Yoda our dog dislocated his shoulder and today I am sharing our experience.
Recently Yoda our Bichon Frise dog began limping. At first my husband and I were not too sure what to do. You see it’s one of those situations where you don’t want to go to the vet if it’s a strain which will heal in a day or two, but at the same time you want to get your dog checked out just in case they have a more serious injury.
So what did we do? We decided to wait and see if he would heal. Sadly things got worse. Our Bichon Frise became less mobile. His limp got worse and he began hopping around. We nicknamed him Sir Hoppington and we booked him in to see the vet to find out why our dog was in pain.
Before I go into more detail, I thought I’d share the lifespan or life expectancy of a Bichon Frise dog. The Bichon lifespan is usually around 16 years.

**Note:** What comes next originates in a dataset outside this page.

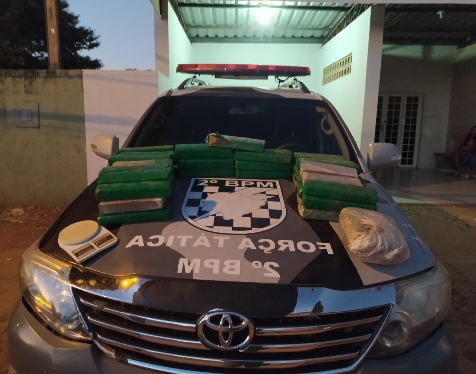 A equipe realizou a abordagem, localizando a droga. Questionado se haveria mais droga na residência no bairro Vila Alegre, os envolvidos negaram. Os policiais voltaram ao bairro Vila Alegre e localizaram, enterrados no quintal da residência vários tabletes de maconha, um quilo de skunk e uma balança de precisão.

The Bichon life expectancy however will change depending on the way your dog was bread and who his parents were.
Sadly for us, Yoda was our first family dog and whilst doing our research, we determined to buy a pure bread Bichon Frise from a safe home. Sadly we were tricked. When we adopted our Bichon frise and brought him home as a puppy, we received documentation which turned out to be fake.

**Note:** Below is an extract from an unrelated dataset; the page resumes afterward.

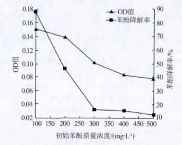 2.2.4 初始苯酚濃度對菌株降酚性能的影響

It turned out our dog had the same grandfather and father and that he had been bread just to be sold. There was not much we could do after learning about this except to report the people who had sold Yoda to under false pretences.
Due to Yoda’s breading, we were told his lifespan would be lower than the average bichon life expectancy and that he may have problems has he grew. This has surely happened. He has a heart murmur and was this week diagnosed with arthritis. I’m glad we have dog insurance and that we don’t have to pay out for everything at full cost.
Dog Dislocated Shoulder
So Yoda the dog went to the vet and our Bichon Frise was pre-diagnosed with a dislocated shoulder. The vet needed to do x-rays to be double sure and Yoda was sedated for this procedure.

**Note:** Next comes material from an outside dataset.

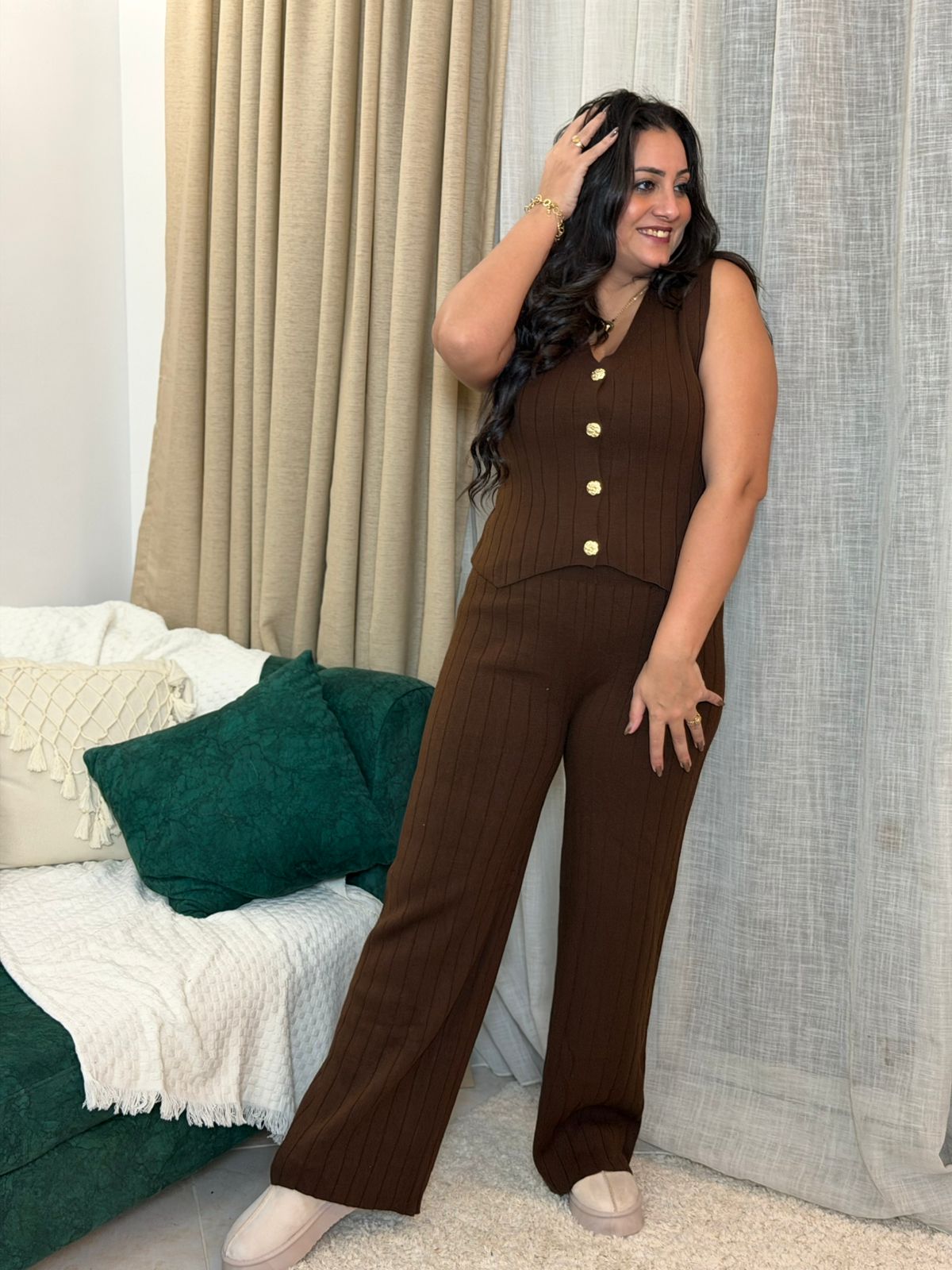 Set Two Pieces Front Buttons Sleeveless Top & Wider Leg Pants

It turned out that our dog not only has a dislocated front shoulder, but he also has a fracture in the shoulder and sadly both issues have been causing a lot of pain.
At the same time, Yoda the bichon was diagnosed with Arthritis in both shoulders which we were told is not usual for such a young dog.
Yoda had his shoulder put back in place and was left to rest for several hours following his shoulder dislocation treatment.
Treating A Dislocated Shoulder On A Dog
So how do you treat a dog shoulder dislocation? Firstly the shoulder needs putting back in place. Shoulder luxation in dogs is often a result of trauma and needs to be adjusted in the first instance.
Once Yoda’s shoulder luxation was put back in place, he was left to rest and recover.
When a dog dislocates a shoulder, there are two possible treatments.
- Fixing the dislocation and prescribing lots of rest to heal.
- Surgery to fix the damaged ligaments and rotator cuff muscles.
Fortunately for us Yoda did not not require surgery on this occassion but he has needed a lot of love and attention and care.
Tips For Caring For Your Dog Following A Luxation
Whether your dog has a front shoulder dislocation, a hip luxation or a patellar luxation, they will require a lot of rest once the bone is adjusted and put back in place. This counts whether your dog has surgery or not. Here are the top tips for caring for your dog following a dislocation.
- Create a safe area for your dog to rest, with soft bedding. This could be a bed on the floor, a dog crate or in our case, a blanket over several pillows. It doesn’t need to be fancy but comfortable and at ground level.
- Provide your dog with plenty of food and water. If your dog is struggling to move following a shoulder luxation, then having a bowl of water close by will surely help them to rest the injury.
- Encourage your dog to rest so his or her muscles and ligaments can continue to heal.
For us this meant, being more quiet around our dog, giving Yoda attention as he needed it, not getting him worked up or giddy or encouraging him to blitz or get over excited.
The Future For Yoda The Bichon Dog
It’s going to take several weeks for our dog to heal from his shoulder dislocation. Yoda has been whiny and upset as one might expect but we are giving him the care he needs.
Yoda has pain medication to help him for the next few weeks. He does not have a sling or pot for his fracture but that should heal in time. Due to being diagnosed with Arthiritis in both shoulders, Yoda will require lifelong medications and we will be starting him on these shortly.
Yoda is a lovely Bichon Frise and we love him to bits and I hope by sharing our experience and what we have learnt about dog shoulder dislocation, it will help many other dog owners who need to learn and understand about this.